Some portals offer functionalities that just need to be “turned on;” others don’t and may require further IT development and customization. Either way, it’s clear that healthcare consumer online tools should approximate the experience of accessing other types of services. Yes, healthcare is different, but patients are also consumers who will shop for providers with modern electronic tools if their frustration exceeds a certain threshold.

Patient-centered Use and Clinical Encounter Integration

Beyond offering basic engagement and usability features that apply to every electronic tool these days, the best patient portals also support patient-centered outcomes and integrate with clinical encounters. Getting to that level of patient portal use will likely be an evolving process among physicians, patients and IT, not an immediate product of portal implementation.

Now 10 years into patient portal use and integration, four Kaiser Permanente physicians shared their experiences and lessons learned in a Health Affairs Blog post. Compellingly, the doctors credit their patient portal for specific, measurable benefits and illuminating data:

  1. Secure email improves outcomes and care. Use of secure physician-patient email communication is associated with a 2 to 6.5 percent improvement in Healthcare Improvement Data Information Set (HEDIS) health measures like glycemic, blood pressure and cholesterol screening and control.
  2. Patient portal use correlates with loyalty. At Kaiser, patients that use the portal are 2.6 percent more likely to remain a member of the health system than non-users. Pulling in the crucial quality component, it also helps that 85 percent of patients give email communications an 8 or 9 on a nine-point scale.
  3. Face-to-face visits decline with patient portal use. Does use of the patient portal increase or decrease face-to-face encounters? The jury is out, as illustrated by four contradicting studies the authors cite. Still, Kaiser has seen in-person visits decrease, which correlates with a slight uptick in portal use.
  4. Portal use falls along predictable lines, mostly. The prediction, naturally, was that younger patients would use the portal more frequently. In fact, the 60-69 age group has shown the highest rate of patient portal registration and use. In terms of race and ethnicity, however, white patients more frequently use the portal than do Americans of Asian, Latino or African descent.

Hopefully, the experience of forward-thinking providers will clarify what functions to look for in selecting and managing a patient portal. But the lessons offered by organizations like Kaiser and Capterra can’t simplify what are probably the two most challenging parts of patient portal implementation—overcoming physicians’ frustrations with answering emails on top of their clinical workload and convincing patients to regularly use the tool.

So let’s face the challenges and take them one at a time.
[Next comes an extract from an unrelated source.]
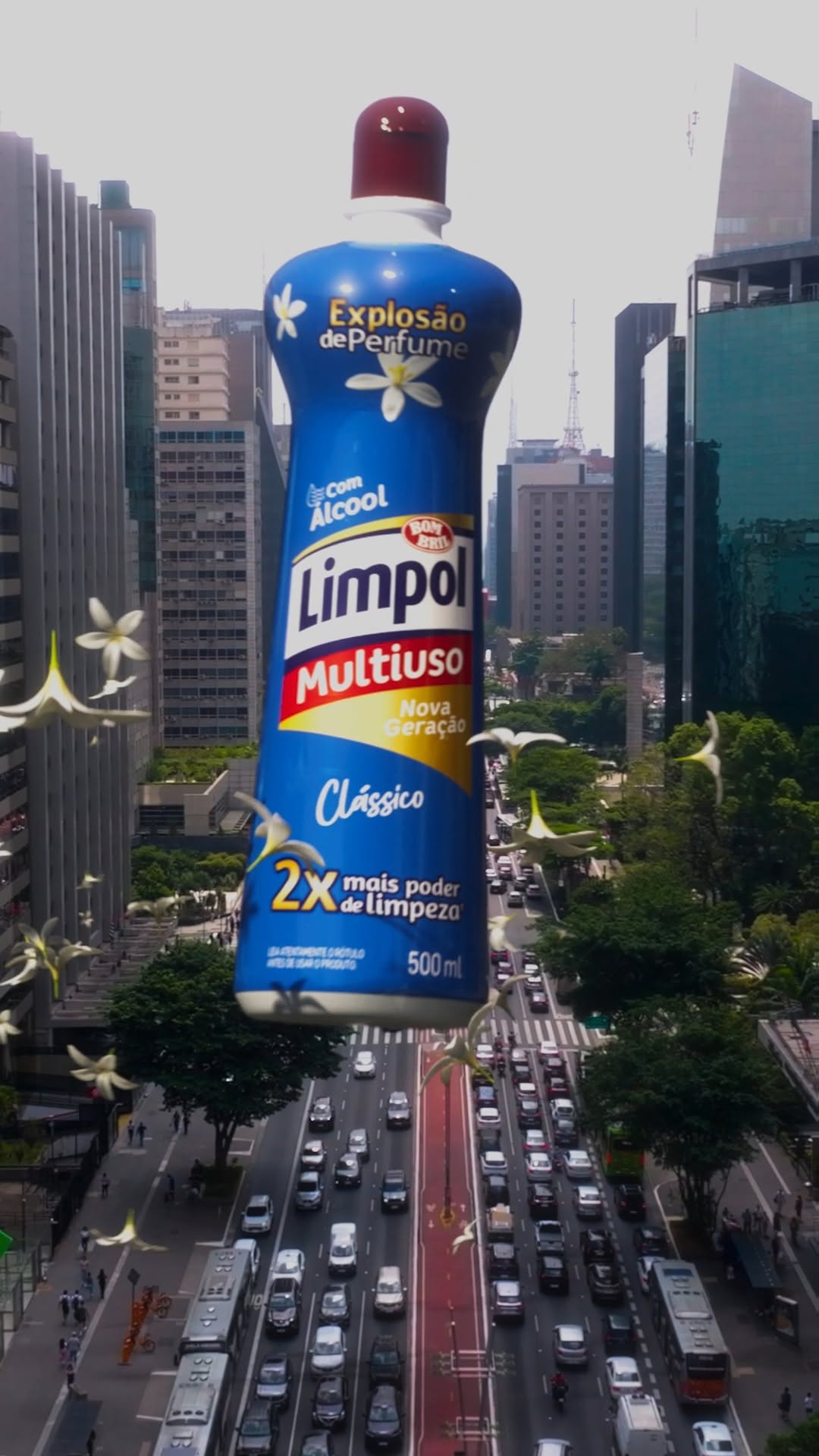 Animated General cleaning characters bring a traditional street scene to life. Yellow and green bottle mascots stand on balconies of a mint-colored building with oriental carpets, exchanging cleaning magic across floors. This playful FOOH advertisement showcases General's cleaning products through charming characters that interact with their urban environment.

Let’s embrace the idea that a more direct, responsive online relationship between patient and provider holds strong positives for both. Through robust portals, patients can more efficiently support their own healthcare and feel more in control. As patients experience more benefit, their providers will too. Engagement of both groups will evolve into time savings (and cost savings for providers), fewer visits, stronger patient-provider relationships, and improved outcomes. We’re only seeing the first ripples of this evolution now, but early signs suggest a significant wave is approaching.

D’Arcy Gue is Director of Industry Relations for Medsphere Systems Corporation.